【普通】
制作部屋。修正原稿を持ち込んだMに、制作課の女の子が話し掛ける。
「Mさんは誰よりも平和を愛する人ですよね」
「はい?」突然の意味不明な質問に、素っ頓狂な声をあげるM。
「一度目指した事は絶対に諦めませんよね」
「何です?急に。でも僕、諦めはいい方ですよ。時と場合によりますけど」とMは答える。もう一人別の女子が口を開く。

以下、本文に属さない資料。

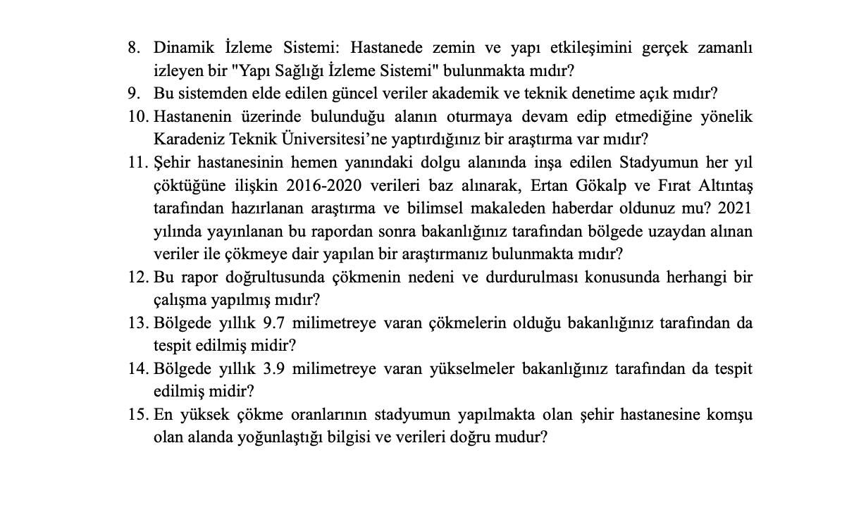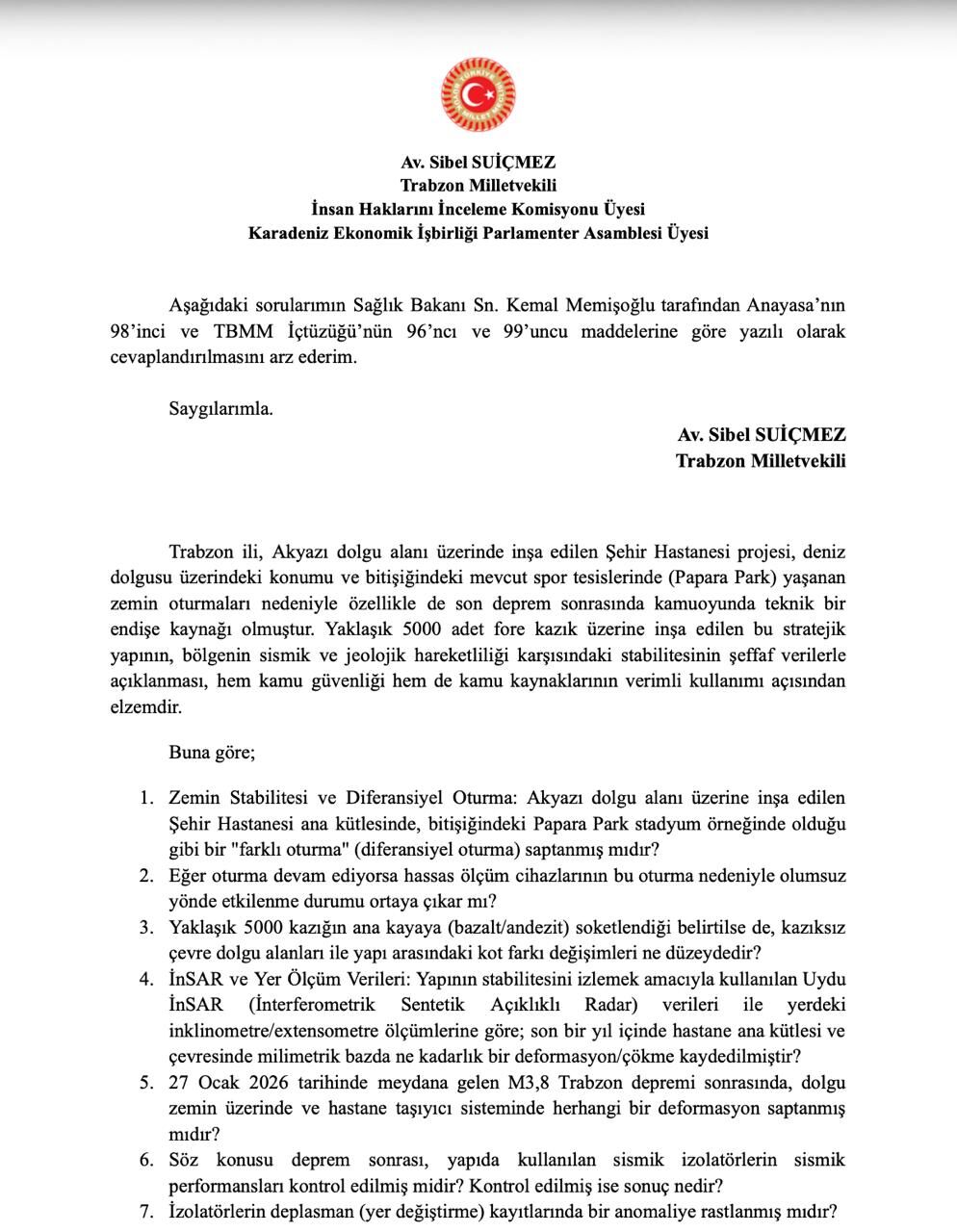 Milletvekili Sibel Suiçmez önergesinde, Trabzon Şehir Hastanesi inşaat sahasının jeolojik hareketlilik bölgesinde yer aldığını vurguladı. Bölgede deprem sonrası yıllık 9.7 milimetreye varan çökmeler ve 3.9 milimetreye ulaşan yükselmelerin tespit edildiğini hatırlattı. Bu verilerin dolgu alanlarının doğasından kaynaklandığını belirten Suiçmez, proje sahasında son bir yıl içinde ana kütle ve çevresinde milimetrik bazda ne kadar deformasyon yaşandığını sordu. Ayrıca dolgu ile yapı arasındaki kot farkı değişimlerinin hangi düzeyde olduğunu öğrenmek istedi. Bu sorular, Trabzon Şehir Hastanesi gibi dev bir projenin zemin güvenliği açısından ne kadar sağlam temellere oturduğunu merak ettiriyor.

「Mさんは犯罪なんかとは縁遠い人ですよね。争い事は好みませんよね」
「まあ、好みではないですね」
「暴力や犯罪、戦争やテロには絶対反対ですよね?」
「何です?急に。誰かにそう言うように言われたんですか?」Mは不気味さを感じて質問を返す。話題が不自然な気がするのは気のせいか。
「いえ、何となくですけど」
「……」
「でも世界平和が夢なんですよね?」と質問を重ねる制作課の女子。
「僕の夢は…」言い淀み、少し考えてから再び口を開くM。「結婚して普通に家庭を築く事です。世界平和はそのついでです。おもしろいかな、と思って」
「そうなんですか?」意外そうな口調でそう訊ねる女子。
「そうですよ。僕は誰よりも普通に憧れています。病んでますからね」とMは静かな口調で答える。
「本当に病んでるんですか?」
「病んでますよ」
「そんな風に見えないけどな。病んでるって、どういう状態なんですか?」
「今は精神に平穏がない。安らぎがない。常に憂鬱を感じるし、そして殺伐としています」冷静に自分の心情を読み上げるM。
「Mさんはいつも穏やかに見えるけど」
「ありがとうございます。これでも随分マシになった方ですよ。お陰様で」
「そうだったんですね。Mさんは普通に見えるけど、Mさんにとっての普通って、どういうものなんですか?」
「僕にとっての普通ですか?」少し考えて、再び口を開くM。「そうですね…。嫌な事もあるけど、いい事も楽しい事もちゃんとあって、安らげる瞬間や場所がちゃんとあって、それで精神のバランスがちゃんと取れて、少しずつでも成長できる環境に身を置く事ですかね。何よりも、心に平穏がある事です」
「心の平穏ですか」
「そうです。心の平穏です」
「Mさんはちゃんと成長してると思うけど」
「ありがとうございます。皆さんのお陰です」
「Mさんなら叶えられますよ、夢」
「ありがとうございます」
「だから早まらないでくださいね」
「何の話ですか?」どこかとぼけたように視線を床に落とし、制作部屋を後にするM。外に飛び出し、携帯電話を手にすると、メモ帳機能を開き、文章を打ち込み始める。